*RECORDED DATA:*
------------------------------

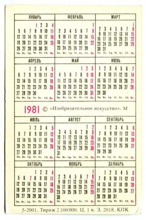 Карманный календарик
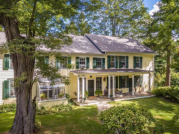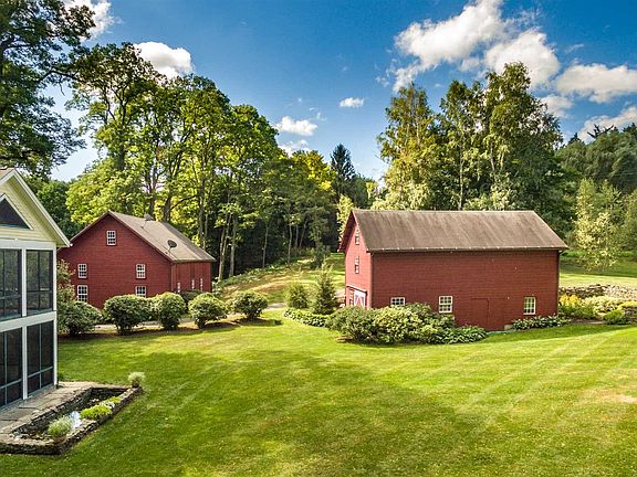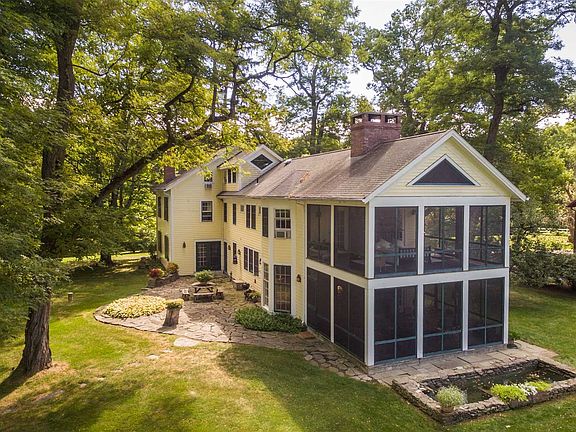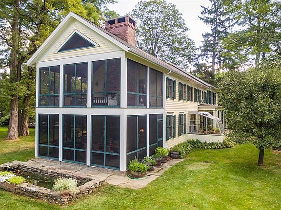 This brilliantly refined 1840 house is a fine example of the Greek Revival building style. The original house has been expanded, but with great care to maintain the original integrity of the period. It is spectacularly set on 55 acres comprised of expansive meadows, a pond, orchards, and lightly wooded acreage. The main (4000+ square foot) house has spacious, perfectly proportioned rooms, wide-board flooring, large windows allowing lots of natural light, and high ceilings. The formal living room features a fireplace and French doors that access the stone terrace spanning one side of the house. The grand dining room has a door to the covered entry porch on the other side of the house. The kitchen, equipped for the serious cook, maintains an authentic feel with antique beamed ceilings, farmers sink and open shelving. It has a pantry, three sinks, center island and 6 burner Wolf Range. The kitchen opens to the sunny family room that has space for dining and sitting. Its fireplace is flanked by doors that access the screened-in porch with a fireplace. Also off the kitchen is a delightful garden room/greenhouse where one can grow fresh herbs and flowers year round. On the second level are three bedrooms and a 2-room office. The master suite has walk-in closets, a bath with soaking tub and separate shower, window seat, and a fireplace which is flanked by doors to the screened-in sleeping porch. The porch has splendid views of the grounds, including the gunite pool and gardens. One of the bedrooms has a wood stove and bath en suite. There is also a full bath and laundry room conveniently located on this level. The finished 3rd level has two large rooms used currently as a home office. Beyond the main house are several other buildings - a two bedroom guest house with kitchen, bath and screened porch; a studio with an indoor endless lap pool; two barns, one with horse stalls, the other, closer to the house, is used as a garage. As well, on a separate parcel is a 2-bedroom guesthouse that overlooks the pond. The acreage is magnificent with lovely mix of open fields and forest. In addition, the property abuts Nature Conservatory land, a refuge for many migratory birds.
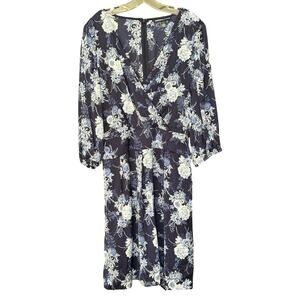 NWT American Living Navy Floral Long Sleeve Faux Wrap Midi Dress

------------------------------

*YOUR GOAL:* Your task is to copy exactly the lines from the line containing "This brilliantly refined" through the final line of the listing above and to omit every picture.

*TASK RESULT:*
 This brilliantly refined 1840 house is a fine example of the Greek Revival building style. The original house has been expanded, but with great care to maintain the original integrity of the period. It is spectacularly set on 55 acres comprised of expansive meadows, a pond, orchards, and lightly wooded acreage. The main (4000+ square foot) house has spacious, perfectly proportioned rooms, wide-board flooring, large windows allowing lots of natural light, and high ceilings. The formal living room features a fireplace and French doors that access the stone terrace spanning one side of the house. The grand dining room has a door to the covered entry porch on the other side of the house. The kitchen, equipped for the serious cook, maintains an authentic feel with antique beamed ceilings, farmers sink and open shelving. It has a pantry, three sinks, center island and 6 burner Wolf Range. The kitchen opens to the sunny family room that has space for dining and sitting. Its fireplace is flanked by doors that access the screened-in porch with a fireplace. Also off the kitchen is a delightful garden room/greenhouse where one can grow fresh herbs and flowers year round. On the second level are three bedrooms and a 2-room office. The master suite has walk-in closets, a bath with soaking tub and separate shower, window seat, and a fireplace which is flanked by doors to the screened-in sleeping porch. The porch has splendid views of the grounds, including the gunite pool and gardens. One of the bedrooms has a wood stove and bath en suite. There is also a full bath and laundry room conveniently located on this level. The finished 3rd level has two large rooms used currently as a home office. Beyond the main house are several other buildings - a two bedroom guest house with kitchen, bath and screened porch; a studio with an indoor endless lap pool; two barns, one with horse stalls, the other, closer to the house, is used as a garage. As well, on a separate parcel is a 2-bedroom guesthouse that overlooks the pond. The acreage is magnificent with lovely mix of open fields and forest. In addition, the property abuts Nature Conservatory land, a refuge for many migratory birds.
 NWT American Living Navy Floral Long Sleeve Faux Wrap Midi Dress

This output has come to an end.